- Theatrical release poster
- Directed by: D.A. Pennebaker
- Produced by: D.A. Pennebaker
- Starring: Little Richard
- Production company: Geneon (Pioneer)
- Release date: 1973;
- Running time: 30 minutes
- Country: United States
- Language: English

= Keep On Rockin' (film) =

1973 film by D. A. Pennebaker

Keep on Rockin', aka Little Richard: Keep on Rockin (United States video title) is a film of a 1969 Little Richard concert at the Toronto Rock and Roll Revival festival originally released in 1973. The film is in colour.

==Production==
The movie was filmed in Toronto, Ontario, Canada. The headliner was John Lennon.

The New York Times explains "The movie is prefaced by some footage of Janis Joplin and Jimi Hendrix".

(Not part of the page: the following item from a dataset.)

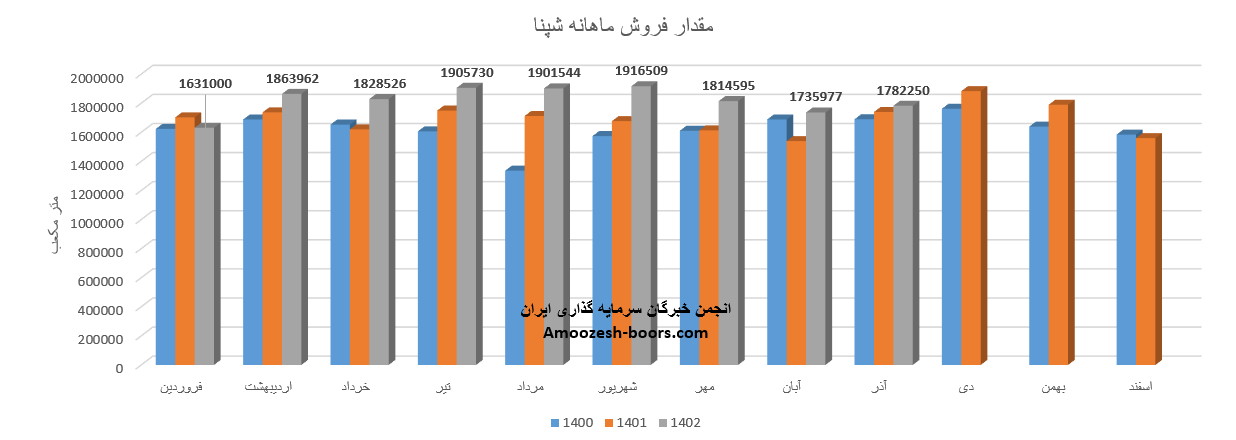 فروش آذر ماه سال 1402 سهم شپنا 1782250 مترمکعب گزارش شده است، تغییرات فروش شپنا به شرح زیر میباشد:

The film was originally entitled Sweet Toronto, and was supposed to be released in 1972. However, John Lennon demanded payment for footage of the Plastic Ono Band. A reedit of the film, which has the band removed from it, was released in 1973 as Keep on Rockin. The original footage was eventually released in 1988 as Sweet Toronto. The film is currently "unavailable for sale" according to its listing in the Pennebaker Hegedus Films catalogue. Footage from the film has resurfaced in many knock-off releases such as Little Richard (1981) and Jerry Lee Lewis: The Story of Rock and Roll (1990).

In 1992, the film was released alongside two other live-performance videos by Warner Reprise as part of their Classic Rock series. They advertised by saying: "It's often said about great, frenetic rock music that you can imagine the musicians sweating...[these videos] contain so much sweat pouring from the faces of Little Richard, Chuck Berry and James Brown that you'll want to keep a bucket by the TV set".

==Synopsis==
Mark Deming of Rovi explains that the film "captures the self-proclaimed "quasar of rock" in fine and unfettered form in this 1969 date at a Toronto festival". He performs a series of his greatest hits.

==Songs==
1. Blueberry Hill
2. Lucille
3. Good Golly Miss Molly
4. Rip It Up
5. Tutti Frutti
6. Keep A Knockin
7. Hound Dog
8. Jenny, Jenny
9. Long Tall Sally

==Cast==
- Little Richard - Himself
- Chuck Berry - Himself
- Bo Diddley - Himself
- Jimi Hendrix - Himself
- Janis Joplin - Herself
- Alice Cooper The Band - Themselves
- John Lennon - Himself (scenes deleted)
- Jerry Lee Lewis - Himself
- Yoko Ono - Herself (scenes deleted)

==Critical reception==
Umbrella Entertainment describes it as a "rare, electrifying Little Richard performance". The Phoenix described it as a "musical extravaganza".

Nora Sayre of The New York Times described it as "nostalgic", as it recreated the 1969 Toronto Rock and Roll Revival, where "the music of the mid-nineteen-fifties captivated an Aquarian audience—just midway in time between Woodstock and Altamont". She adds "this film shows a sensitivity to individuals that some rock movies—such as Woodstock—lacked. [This] work does tend toward prescience—to record what will be important before most of the public is aware of it."

Stephen Mamber contrasted Keep on Rockin with Monterey Pop, saying the former film is "a clear application of well-defined cinema-verite [or direct cinema] principles and the best way to understand the short-comings of Monterey Pop is to study [Keep on Rockin']. Instead of creating a mosaic structure, Pennebaker [in Keep on Rockin'] limits himself to only four performers, each seen at some length. The independent sequences have a development that only real-time, relatively uninterrupted seems able to provide, and consequently the whole film has a completeness that is inevitably missing from Monterey Pop, with its highly selective editing approach".

==DVD release==
The film was released on November 12, 2004 by the Geneon Entertainment studio. The only special feature was Interactive Menus. It consisted of one disc. It was released in region 4 on 29/03/2008.